Last year, Columbus officials budgeted for a 2.5% revenue increase but instead saw a 6.3% rise. The additional revenue helped the city end fiscal 2011 with a nearly 3% general fund operating surplus.
Kasich’s two-year budget features cuts to local government aid, the phase-out of tangible property taxes, and the 2013 elimination of the estate tax, which goes to municipalities.
Columbus officials estimate altogether the cuts will mean the loss of $12 million in 2012 and $20 million in 2013.
“Prospectively, Fitch expects the city will address any structural imbalance fully and, pursuant to a 2009 resolution, will continue to replenish its rainy-day fund to $50 million by 2014 year end,” analyst James Mann wrote in a report on the upcoming deal.
Kilgore said the city plans to rebuild its reserves throughout the year. The rainy-day fund totaled $23 million at the end of 2010 and is expected to reach $40 million by the end of this year, with the goal of $50 million by the end of 2014.
S&P echoed Fitch’s warning about state cuts, but analysts there also expressed confidence in the city’s ability to manage the losses. “Given the city’s strengthening reserve levels, our view of the management’s strong financial practices, and the area’s deep and diverse economic base, we do not anticipate the rating changing during the two-year outlook horizon,” the agency said in its report.
The development projects on the city’s horizon will create thousands of jobs, analysts said.
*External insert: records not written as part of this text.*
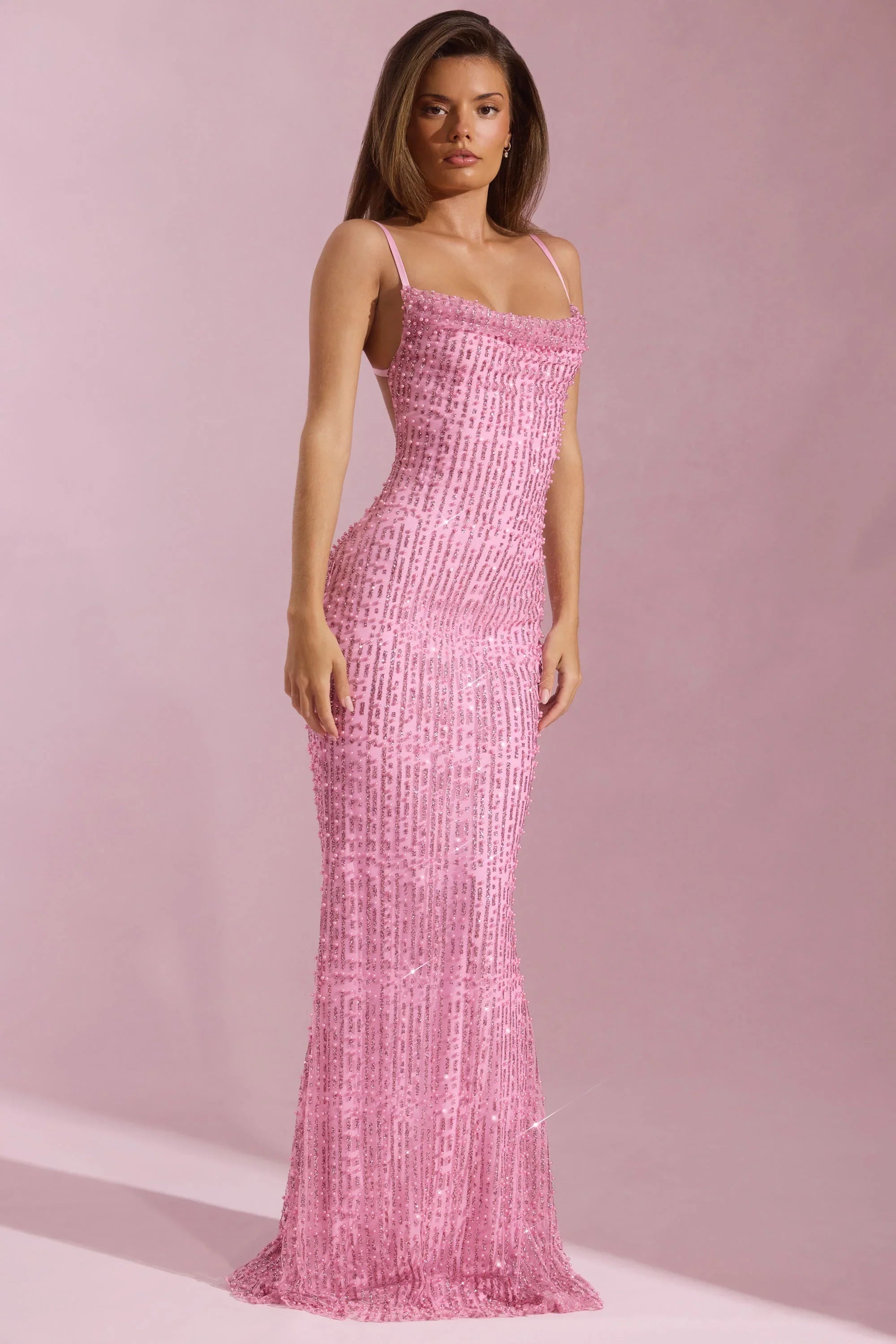 Iconic sparkle. Capturing attention from every angle, the Nivalis maxi dress is crafted from our premium, lightweight glittered mesh fabric overlaid with faceted three-dimensional beads and fully lined for the perfect amount of coverage. Its framed with a cowl neckline and statement open back with adjustable straps for the perfect fit.
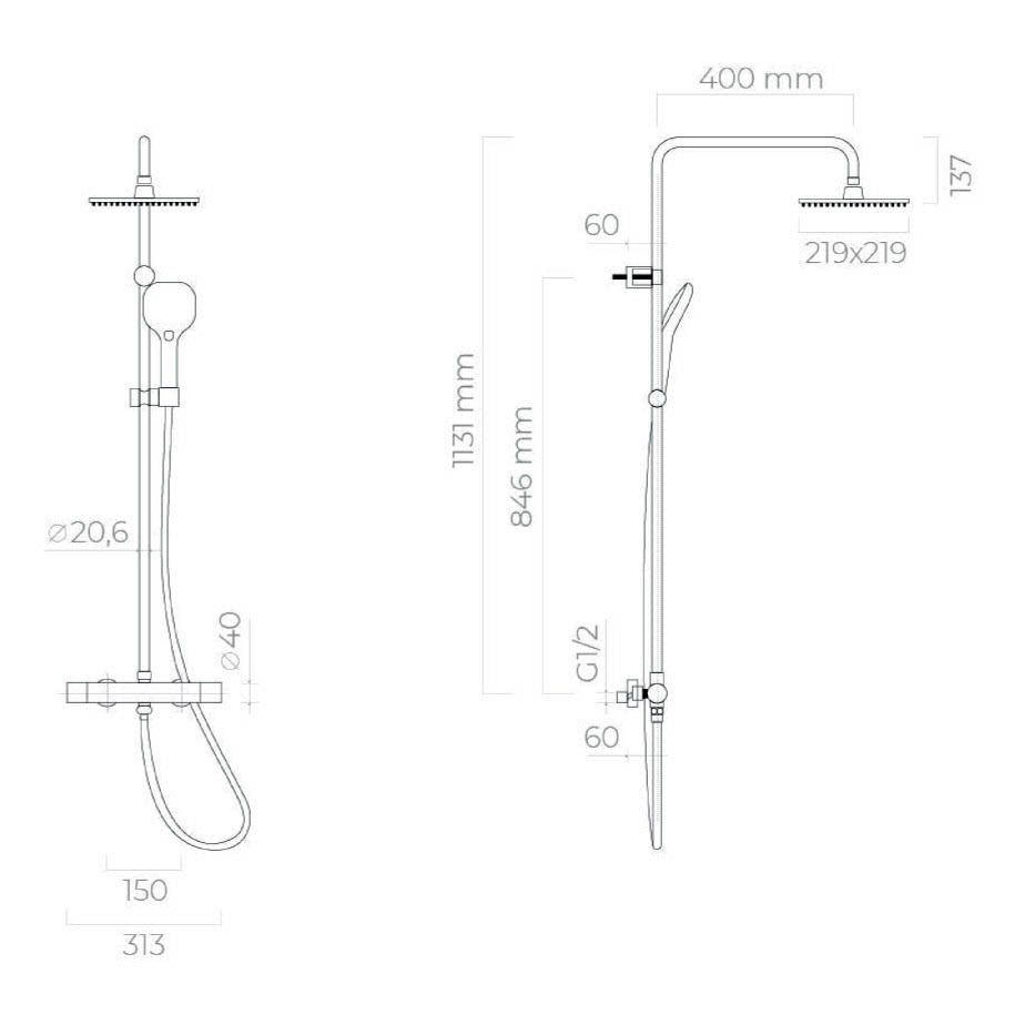 OLTENS Atran (S) Duschsystem mit Aufputz-Thermostat, Handbrause und Kopfbrause eckig
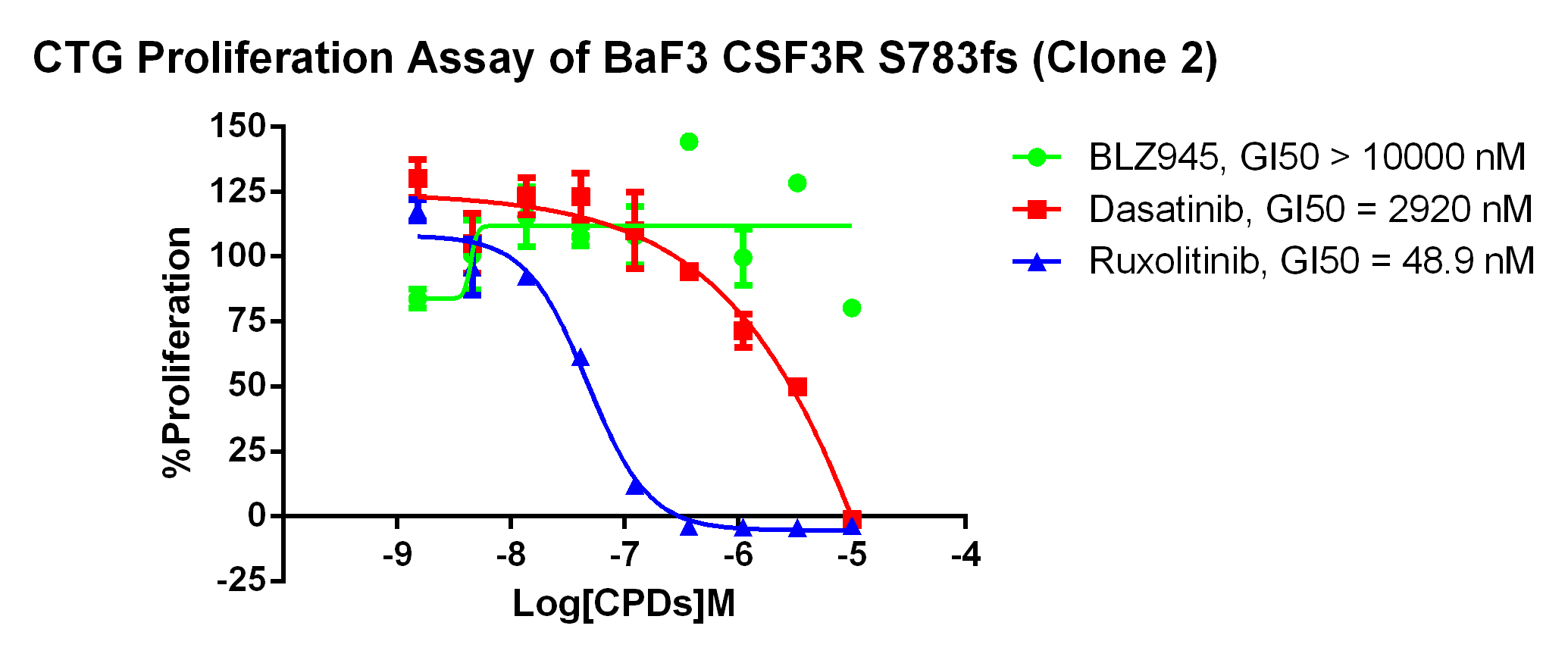 Figure 2. Anti-proliferation assay of three reference compounds on the CSF3R S783fs/BaF3.
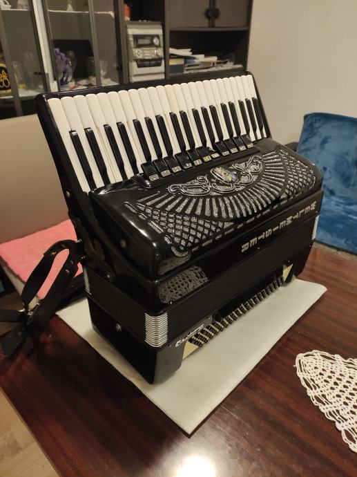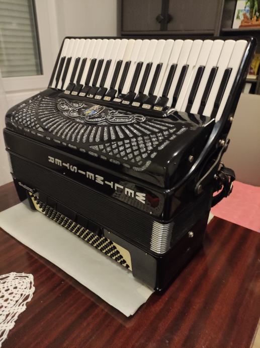 Mjeh dihta 100%. Svojim glasnim i prodornim tonovima parira puno skupljim harmonikama. Tonovi su prve klase (bugari).
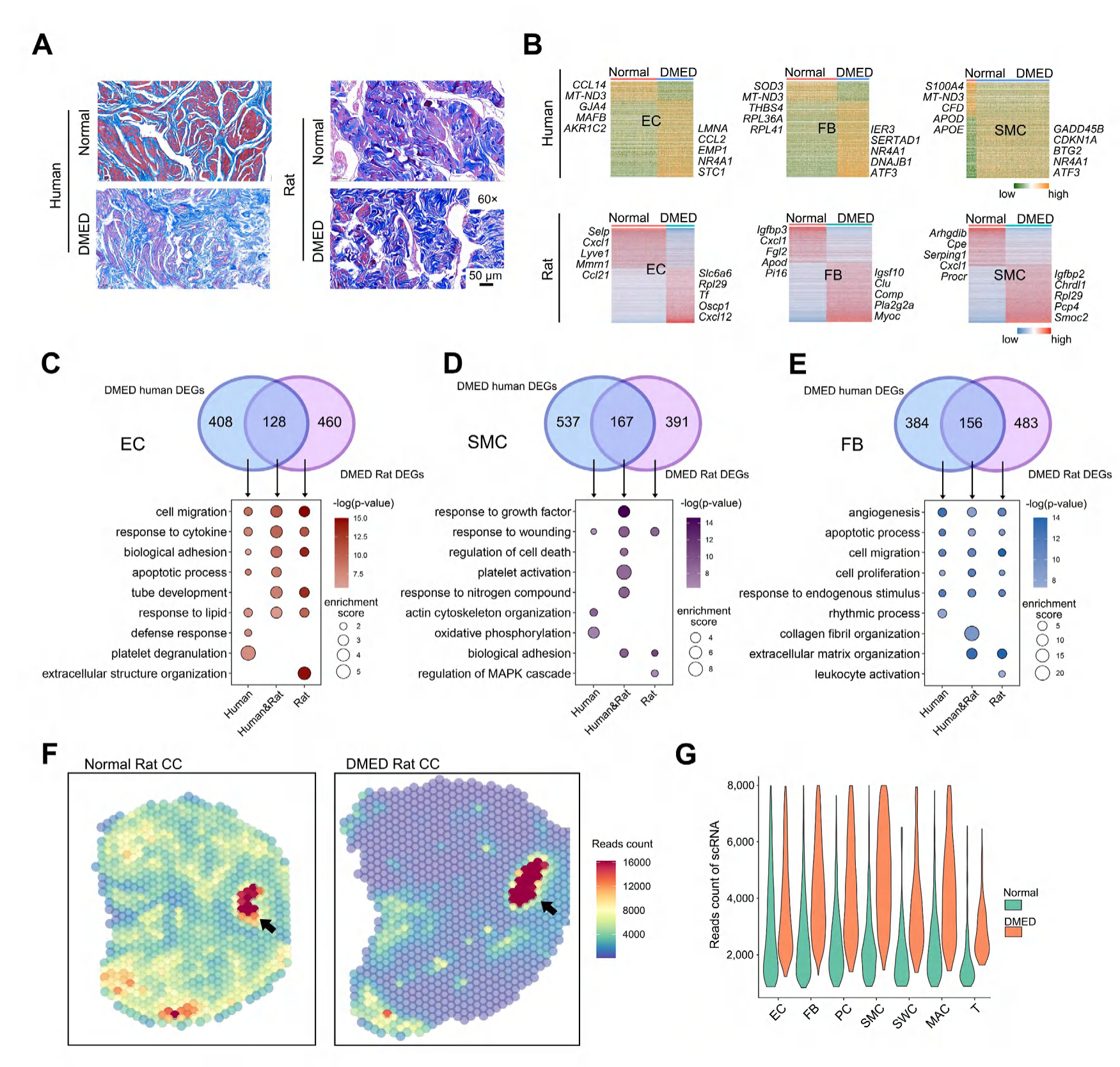 為了更好的認識DMED病理條件下,人類和大鼠CC微環(huán)境發(fā)生的變化是否與每種CC細胞類型中發(fā)生的分子水平變化相一致,研究者通過分析scRNA-seq數(shù)據(jù),發(fā)現(xiàn)DMED大鼠模型和DMED患者都經(jīng)歷了顯著的纖維化以及細胞組分丟失,但兩者間的轉錄組差異顯著。富集分析結果顯示,僅DMED大鼠模型富集了“extracellular structure organization”;“actin cytoskeleton or organization”和“oxidative phosphorylation”僅在人類DMED患者SMC中發(fā)現(xiàn),“regulation of MARK cascade”僅在DMED大鼠模型SMC中富集;“rhythmic process”僅在人類DMED患者FB中富集,“l(fā)eukocyte activation”僅在DMED大鼠模型FB中富集。

The Hollywood Casino is expected to open west of downtown Columbus by the end of 2012 and create around 2,000 new jobs.
The city is not budgeting for any casino revenues, either from casino taxes or income taxes tied to the jobs. But it does plan to partner with Franklin County and the Franklin County Convention Facility Authority to purchase Nationwide Arena, which is home to the National Hockey League’s struggling Columbus Blue Jackets. The city’s pledge toward the arena purchase is limited to a portion of expected casino revenue through 2039, according to Standard & Poor’s.
Ohio State University has launched Project One, a $1.1 billion expansion of its medical center that is the state’s largest construction project and will create up to 5,000 new jobs.